Hi,
I have some dataset used by other algorithms. So, the layout of it cannot be modified.
That is my problem.
So what is left: scattered data in memory but in a contiguous way per group and all group are of the same length.
gr1: offset 0 : AA BB CC DD
gr2: offset 256 : EE FF GG HH
gr3: offset 512 : II JJ KK LL
gr4: offset 768 : MM NN OO PP
Keep in mind that EE == (AA+256), II == (EE + 256) and so on.
And I need:
AA EE II MM
BB FF JJ NN
CC GG KK OO
DD HH LL PP
So it is basically a transposition. And we have the vtrn instruction that can do this just fine. BUT it needs to be repeated three times. (see vectors arrangement)
Is there a way to avoid those three instruction to arrange my vectors properly or are there any other (faster) way to do it?
Currently I need to load the contiguous data and permute the vectors.
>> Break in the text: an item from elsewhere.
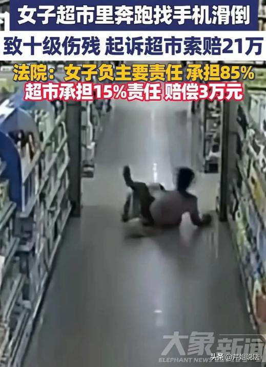 江苏,张阿姨带孙子逛超市时发现手机忘水果区,心急火燎往回跑,结果脚底打滑摔成10级伤残。张阿姨觉得是超市地面有水致自己摔倒,家属便起诉超市索赔21万。超市喊冤,称地面干净,是张阿姨跑太快。庭审时超市拿出监控,法院审理后认为超市安全管理有瑕疵,判其担15%责任,赔3万。这判决让人意外,张阿姨自己不注意,超市却要担责。 张阿姨本来是带孙子散心,没成想把自己摔得这么重。 10级伤残可不是小问题,后续康复得花不少钱,还得有人专人照顾。 家属一合计,觉得这事不能就这么算了,毕竟是在超市摔的,超市总不能一点责任没有,索性直接起诉,一张嘴就索赔21万。 这金额一出来,不少人都直呼离谱,说家属有点狮子大开口,甚至有人说这是想讹超市一笔。 超市也觉得自己比窦娥还冤,纯属大冤种。 超市负责人说,超市每天都有人定时拖地,地面干净得能反光,根本不可能有水。 还说监控拍得明明白白,是张阿姨自己心急,跑太快没注意脚下,才摔下去的,跟超市一点关系都没有。 其实都能理解张阿姨,手机忘在水果区,换谁都得着急。 现在的老人,手机里存着儿女的电话、养老钱的余额,还有平时拍的孙子照片,那可是宝贝得很。 当时张阿姨光顾着往回跑,压根没顾上看脚下。 据后来庭审时的监控显示,她跑的时候步子迈得很大,脚下一滑,整个人直接往前扑,重重摔在地上,看着都疼。 摔了之后,张阿姨半天没爬起来,孙子也吓哭了。 周围的顾客赶紧帮忙喊来了超市工作人员,又打了120,把张阿姨送去及时进行了救治。 诊断结果出来,是10级伤残。 医生说,后续得长期康复,而且可能会留下后遗症,以后走路都得小心。 张阿姨躺在病床上觉得,要是超市地面没有水,自己再急也不会摔得这么重,超市必须负责到底。 家属也跟着添火,说超市就是不负责任,明明地面有水不清理,也不贴个警示标志,纯属摆烂式管理。 超市这边也不甘示弱,拿出了完整的监控录像,还有保洁人员的工作记录,证明当天地面确实是干净的,保洁每小时都会巡查一次,根本没有水渍。 双方吵得不可开交,谁也不肯让步,没办法,最终只能闹到法院。 庭审时,双方都拿出了自己的证据。 张阿姨这边,有医院的诊断证明、伤残鉴定报告,还有当时在场顾客的证言,说好像看到地面有点湿。 超市除了监控和保洁记录,还有工作人员的证言,说当天水果区没有洒水,也没有顾客不小心打翻水的情况。 超市作为经营场所,有法定的安全保障义务。 据《民法典》第1198条第一款规定,宾馆、商场、银行、车站等经营场所、公共场所的经营者、管理者,未尽到安全保障义务,造成他人损害的,应当承担侵权责任。 说白了就是,超市得保证顾客在里面购物时的安全,不管是地面、设施,还是人员管理,都得做到位。 哪怕地面没有明显水渍,但只要安全管理有瑕疵,就得担责。 法院审理后认为,超市虽然提供了监控和保洁记录,但水果区是容易遗留水渍的地方,超市没有在该区域设置警示标志,也没有安排专人实时巡查,属于安全管理有瑕疵,没有尽到完整的安全保障义务。 张阿姨自己因为着急找手机,在超市内快速奔跑,没有注意自身安全,对自己的摔倒也有很大责任。 据《民法典》第1173条规定,被侵权人对同一损害的发生或者扩大有过错的,可以减轻侵权人的责任。 最终法院判决,超市因安全管理有瑕疵,承担15%的赔偿责任,赔偿张阿姨3万元。 张阿姨自身存在过错,承担85%的责任,剩余损失由其自行承担。 可能有人觉得,超市太冤了,明明地面干净,还要赔钱。 但其实不是这样,安全保障义务不是一句空话,超市不能只做到表面干净,还要考虑到潜在的风险。 水果区经常有人挑水果,难免会有水果汁液滴落,哪怕当时没有水渍,也应该设置警示标志,提醒顾客小心地滑。 这就是超市的疏忽,也是它需要担责的原因。 反过来,张阿姨再着急找手机,也不能在超市里奔跑,超市是人流量大的地方,奔跑本身就有安全隐患,自己不小心摔倒,肯定要承担主要责任。 其实,这个判决挺合理的,既给了张阿姨一个说法,也没有让超市承担不该承担的责任。 你们觉得这个判决合理吗?你觉得超市应该担责吗?
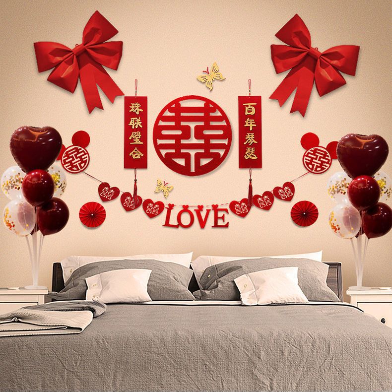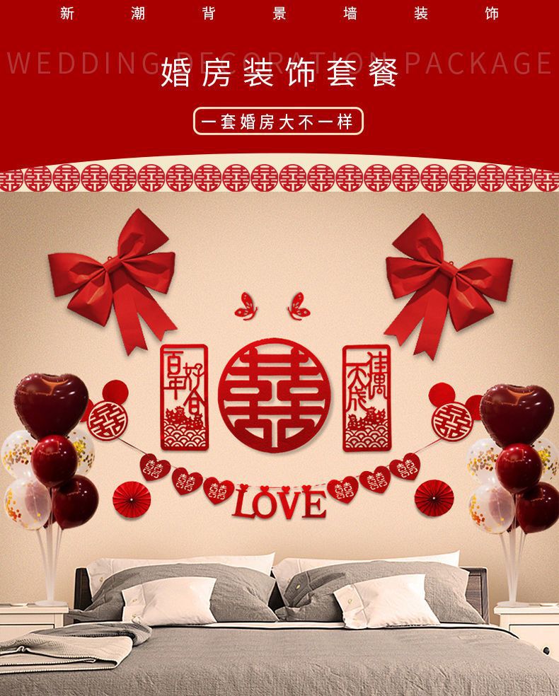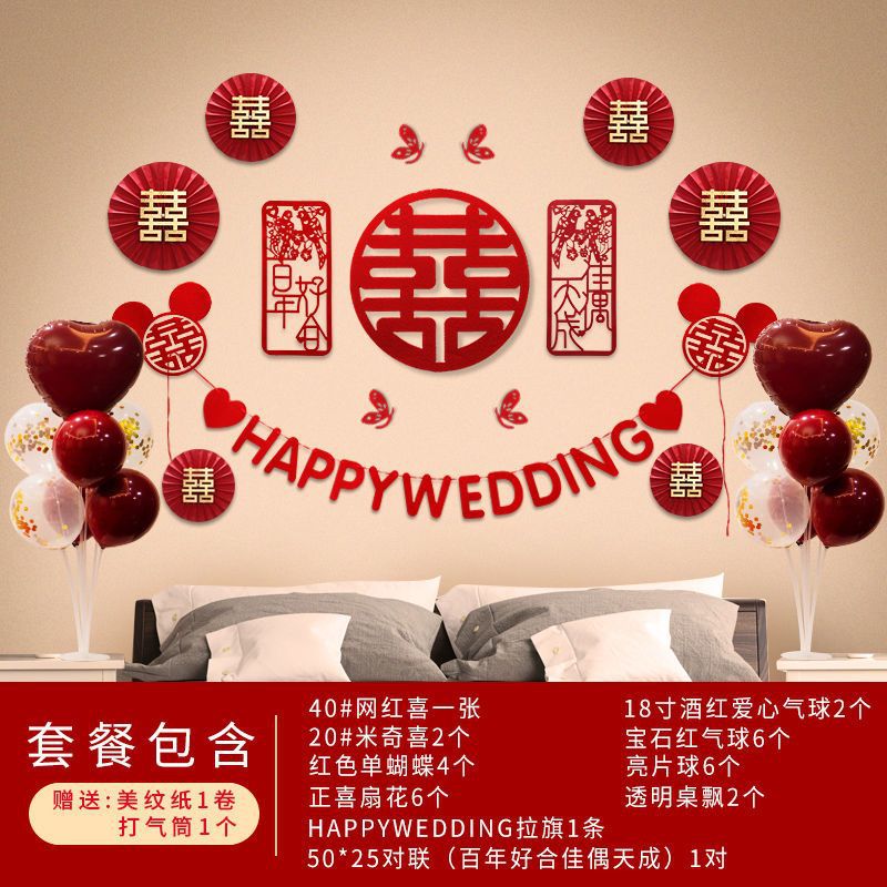 웨딩 룸 레이아웃 세트 남자의 새로운 집 여자의 방 침실 거실 결혼식 장식 중국 스타일 인터넷 연예인 Rahua 행복한 성격스토어 가기

VLDn don't seem to help me.
Do you see a possibility I missed somewhere?
Thanks
Okay I understand now. I would have thought the main overhead was reading the words at a 256 byte displacement from each other, and that overhead is what needs to be reduced as far as possible. I don't think there is a large scope for improvement but using preload instuctions withing the loop might help. So I'd go for something like preload adr preload adr+256 preload adr+2*256 preload adr+3*256 loop: load adr preload adr+4*256 load adr+256 preload adr+5*256 load adr+2*256 preload adr+6*256 load adr+3*256 preload adr+7*256 do the transformation store dest add 1024 to adr add 16 to dest go to loop if not finished I don't know how many preloads can be outstanding. I have four above but I'd have though a processor would cope with more. The code can be changed easily to do more by having more before the loop and preloading fom further forward in the loop. But what's there ought to cover the overheads of the transformation code.